Its importance in incentivizing other economic variables is closely connected with financial inclusion. One of the earliest works in this regard was done by the economist Schumpeter (1911), in a text where the author shows that the financial sector has the potential to boost economic growth and economic development. The primary function by which it operates is the ability of the banking system to facilitate capital accumulation, thereby enabling firms to utilize the capital in the production process. Consequently, this leads to an increase in the output and productivity of productive factors, ultimately enhancing the purchasing power of households. (King & Levine, 1993; Beck et al., 2007). However, those initial analyses only addressed innovation within the financial system, which is also known as financial development. In this regard, Johnson and Arnold (2014) note that public policy has undergone a shift in its priorities, from Financial Development to Financial Inclusion.
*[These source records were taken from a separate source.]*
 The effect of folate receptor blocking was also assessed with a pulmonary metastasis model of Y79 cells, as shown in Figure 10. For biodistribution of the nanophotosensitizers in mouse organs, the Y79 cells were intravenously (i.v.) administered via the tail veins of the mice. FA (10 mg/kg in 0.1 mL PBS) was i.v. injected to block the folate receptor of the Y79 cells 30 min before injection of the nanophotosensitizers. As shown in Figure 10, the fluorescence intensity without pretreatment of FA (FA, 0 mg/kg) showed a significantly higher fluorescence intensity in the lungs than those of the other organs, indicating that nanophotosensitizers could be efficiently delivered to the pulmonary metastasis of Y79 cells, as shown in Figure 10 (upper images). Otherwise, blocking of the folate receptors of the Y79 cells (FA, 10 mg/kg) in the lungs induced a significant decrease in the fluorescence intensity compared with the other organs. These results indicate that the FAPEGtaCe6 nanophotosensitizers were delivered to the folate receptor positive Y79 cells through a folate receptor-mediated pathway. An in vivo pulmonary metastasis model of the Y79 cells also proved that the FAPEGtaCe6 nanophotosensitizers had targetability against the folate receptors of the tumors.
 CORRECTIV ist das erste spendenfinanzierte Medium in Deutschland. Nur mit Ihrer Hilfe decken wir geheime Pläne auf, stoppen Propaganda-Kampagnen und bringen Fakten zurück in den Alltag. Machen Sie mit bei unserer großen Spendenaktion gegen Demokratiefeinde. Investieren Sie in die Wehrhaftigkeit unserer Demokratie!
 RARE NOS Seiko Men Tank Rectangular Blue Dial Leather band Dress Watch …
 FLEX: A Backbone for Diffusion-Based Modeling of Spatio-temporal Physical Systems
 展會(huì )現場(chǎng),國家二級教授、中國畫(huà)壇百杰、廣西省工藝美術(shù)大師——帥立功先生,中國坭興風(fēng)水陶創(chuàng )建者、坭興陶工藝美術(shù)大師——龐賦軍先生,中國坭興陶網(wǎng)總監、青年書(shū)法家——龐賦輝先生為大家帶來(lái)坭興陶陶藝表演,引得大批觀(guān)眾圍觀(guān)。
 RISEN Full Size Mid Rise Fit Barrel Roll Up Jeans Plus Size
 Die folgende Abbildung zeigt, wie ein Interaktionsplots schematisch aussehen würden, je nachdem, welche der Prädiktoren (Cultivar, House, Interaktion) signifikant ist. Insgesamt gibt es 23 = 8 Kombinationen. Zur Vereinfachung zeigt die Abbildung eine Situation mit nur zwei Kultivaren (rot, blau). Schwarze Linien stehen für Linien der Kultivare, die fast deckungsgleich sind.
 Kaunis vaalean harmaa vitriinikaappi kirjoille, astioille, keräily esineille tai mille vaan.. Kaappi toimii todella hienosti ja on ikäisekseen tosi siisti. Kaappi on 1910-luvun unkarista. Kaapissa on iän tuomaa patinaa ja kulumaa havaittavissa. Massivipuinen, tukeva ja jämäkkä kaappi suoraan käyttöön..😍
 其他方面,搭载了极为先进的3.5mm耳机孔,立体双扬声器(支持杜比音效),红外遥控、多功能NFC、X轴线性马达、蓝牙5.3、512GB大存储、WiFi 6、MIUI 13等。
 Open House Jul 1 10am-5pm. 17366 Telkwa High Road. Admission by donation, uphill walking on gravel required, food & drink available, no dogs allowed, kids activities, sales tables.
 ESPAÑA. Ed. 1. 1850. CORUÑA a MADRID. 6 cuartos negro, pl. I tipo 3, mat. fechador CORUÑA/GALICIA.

In this case, focusing efforts not only on the strength of the banking system and the free flow of capital is a first step, but the goal nowadays has also turned towards enabling the economically vulnerable population to have access to this financial system.

In the case of Mexico, Segovia and Cepeda (2024) use panel data to measure the level of financial inclusion in different states from the periods of 2005 to 2018. Their findings show that the increase in banking credit for non-financial firms has the potential to increase GDP per capita. In this instance, the Region variable seems to be a proper indicator for capturing the effect described in this document. In this same vein, De la Cruz and Alcántara (2011) provide statistical evidence for the positive relationship between the development of the private banking system and economic development. A particular experience of this relationship is described in Bruhn and Love (2014), where the incursion of Banco Azteca in the banking system via its Elektra stores shows a shift in poverty reduction because of the incorporation of financial and commercial infrastructure, making clear the importance of this element in the financial inclusion of Mexican society.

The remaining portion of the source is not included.